_DIRECTIONS FOR THIS TASK_
The expected output is exactly the lines below, starting at the line with "初中阅读理解提分秘籍,阅读有" and ending at the line with "Home > Honor > 2009年江苏省科技进步一等奖证书", both included; no other line belongs in it.

--- EXCERPTED DATA Enclosed Below ---

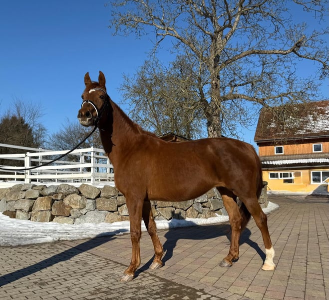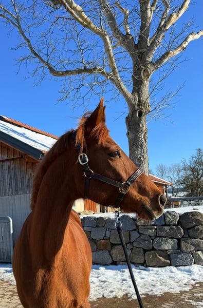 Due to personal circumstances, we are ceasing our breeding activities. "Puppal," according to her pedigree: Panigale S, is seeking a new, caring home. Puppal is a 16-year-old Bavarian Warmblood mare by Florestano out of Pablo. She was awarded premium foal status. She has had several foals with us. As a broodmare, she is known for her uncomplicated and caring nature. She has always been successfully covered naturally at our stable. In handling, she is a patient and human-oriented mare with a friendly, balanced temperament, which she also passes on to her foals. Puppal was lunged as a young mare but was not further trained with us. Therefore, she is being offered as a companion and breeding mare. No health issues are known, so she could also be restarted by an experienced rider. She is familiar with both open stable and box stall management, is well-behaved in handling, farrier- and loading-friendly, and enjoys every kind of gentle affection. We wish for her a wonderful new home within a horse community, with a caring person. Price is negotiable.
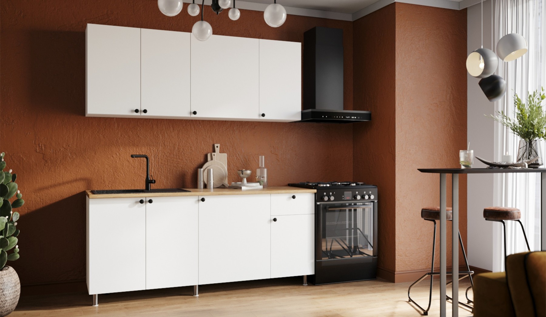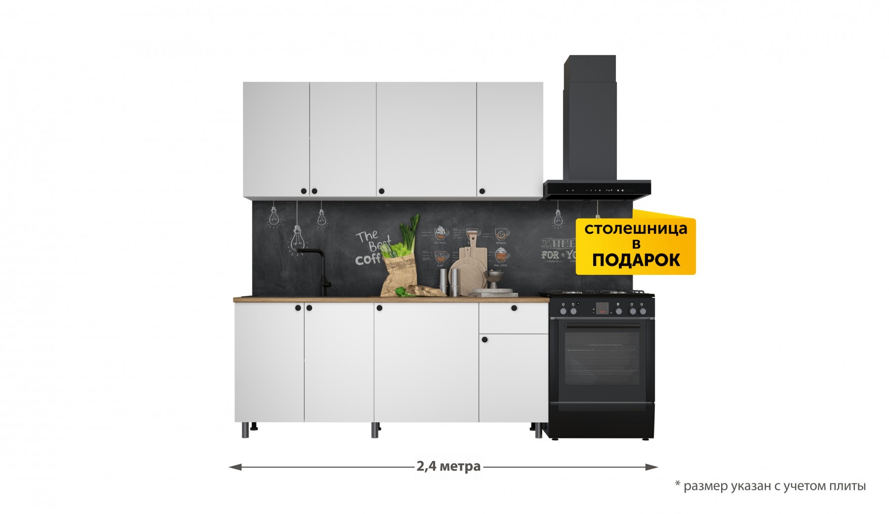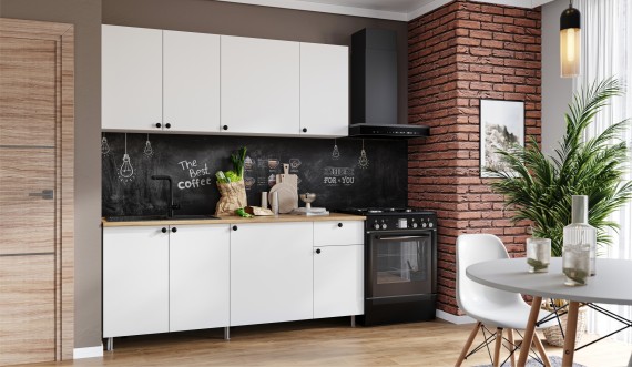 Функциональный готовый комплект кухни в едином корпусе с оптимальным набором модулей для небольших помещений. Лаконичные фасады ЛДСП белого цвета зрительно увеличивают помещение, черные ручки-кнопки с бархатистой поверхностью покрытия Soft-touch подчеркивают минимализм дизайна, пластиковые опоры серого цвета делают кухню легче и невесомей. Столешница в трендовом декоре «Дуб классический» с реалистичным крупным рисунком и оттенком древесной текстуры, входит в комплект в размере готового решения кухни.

--- End of Enclosed EXCERPTED DATA ---
--- EXCERPTED DATA Enclosed Below ---

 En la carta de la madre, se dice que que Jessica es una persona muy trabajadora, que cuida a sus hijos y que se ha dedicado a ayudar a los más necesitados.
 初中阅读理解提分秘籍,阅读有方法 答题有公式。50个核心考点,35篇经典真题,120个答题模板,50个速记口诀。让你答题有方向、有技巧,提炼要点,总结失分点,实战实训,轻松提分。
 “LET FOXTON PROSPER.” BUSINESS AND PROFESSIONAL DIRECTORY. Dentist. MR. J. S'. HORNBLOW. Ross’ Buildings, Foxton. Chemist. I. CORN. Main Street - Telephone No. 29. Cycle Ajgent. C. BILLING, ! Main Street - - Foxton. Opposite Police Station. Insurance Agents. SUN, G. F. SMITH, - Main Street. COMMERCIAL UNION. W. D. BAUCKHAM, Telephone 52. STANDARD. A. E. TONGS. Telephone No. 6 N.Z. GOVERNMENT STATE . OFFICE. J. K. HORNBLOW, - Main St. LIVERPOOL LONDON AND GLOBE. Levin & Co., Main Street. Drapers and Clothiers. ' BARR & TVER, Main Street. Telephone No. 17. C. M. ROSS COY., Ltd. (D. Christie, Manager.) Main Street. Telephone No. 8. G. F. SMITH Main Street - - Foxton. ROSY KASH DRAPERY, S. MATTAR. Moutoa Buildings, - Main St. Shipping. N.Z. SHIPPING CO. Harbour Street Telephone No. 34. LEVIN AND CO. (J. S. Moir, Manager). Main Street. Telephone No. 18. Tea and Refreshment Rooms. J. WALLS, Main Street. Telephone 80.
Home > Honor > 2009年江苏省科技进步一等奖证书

--- End of Enclosed EXCERPTED DATA ---

_THE ANSWER_
 初中阅读理解提分秘籍,阅读有方法 答题有公式。50个核心考点,35篇经典真题,120个答题模板,50个速记口诀。让你答题有方向、有技巧,提炼要点,总结失分点,实战实训,轻松提分。
 “LET FOXTON PROSPER.” BUSINESS AND PROFESSIONAL DIRECTORY. Dentist. MR. J. S'. HORNBLOW. Ross’ Buildings, Foxton. Chemist. I. CORN. Main Street - Telephone No. 29. Cycle Ajgent. C. BILLING, ! Main Street - - Foxton. Opposite Police Station. Insurance Agents. SUN, G. F. SMITH, - Main Street. COMMERCIAL UNION. W. D. BAUCKHAM, Telephone 52. STANDARD. A. E. TONGS. Telephone No. 6 N.Z. GOVERNMENT STATE . OFFICE. J. K. HORNBLOW, - Main St. LIVERPOOL LONDON AND GLOBE. Levin & Co., Main Street. Drapers and Clothiers. ' BARR & TVER, Main Street. Telephone No. 17. C. M. ROSS COY., Ltd. (D. Christie, Manager.) Main Street. Telephone No. 8. G. F. SMITH Main Street - - Foxton. ROSY KASH DRAPERY, S. MATTAR. Moutoa Buildings, - Main St. Shipping. N.Z. SHIPPING CO. Harbour Street Telephone No. 34. LEVIN AND CO. (J. S. Moir, Manager). Main Street. Telephone No. 18. Tea and Refreshment Rooms. J. WALLS, Main Street. Telephone 80.
Home > Honor > 2009年江苏省科技进步一等奖证书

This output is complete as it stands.